The model I used for my experiment, GPT-4, had an almost 30% hallucination rate according to this study. However, I’ve also found rates of 1.5%, 3%, and 15-20%, depending on what methods you use. Regardless, the fact that other studies have found somewhat high rates make me not very confident in ChatGPT.
This leads me into the biggest issue I found with ChatGPT’s suggestions in part three.
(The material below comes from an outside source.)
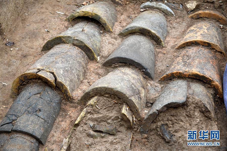 瑯琊臺遺址考古發(fā)掘現(xiàn)場的陶制管道(12月21日攝)。新華社記者李紫恒攝

Break into shorter sentences for readability: “Still, it’s better than sitting at home watching other people have fun on TV. Falling asleep before the local news comes on is no fun. At least this is something productive.”
I noticed something with the way it wanted me to edit this quote. In the original, the person we are quoting said this:
“My wife is making me go,” Jon Krasnof, a member of the Chamber of Commerce Board of Directors said. “Still its better than sitting at home watching other people have fun on tv and falling a sleep before the local news comes on at least this is something productive.”
ChatGPT added information that was never said in Krasnof’s quote. Krasnof never said that he didn’t find falling asleep on the couch watching TV fun! You can imply that, sure, but you’re putting words in his mouth. I don’t think I can really stress how much you can’t do that. This may just be a minor thing, but this does not give me confidence that AIs like ChatGPT wouldn’t edit quotes further, and change important context.
I think that ChatGPT is better than me in some aspects. It looks like it can catch errors in AP style much more consistently than I can. However, I do not trust it with actual editing, considering its tendency to make things up, alongside the fact that it is not opposed to adding unconfirmed information to quotes. While others may disagree, in this current state, AI should not have a place in editing.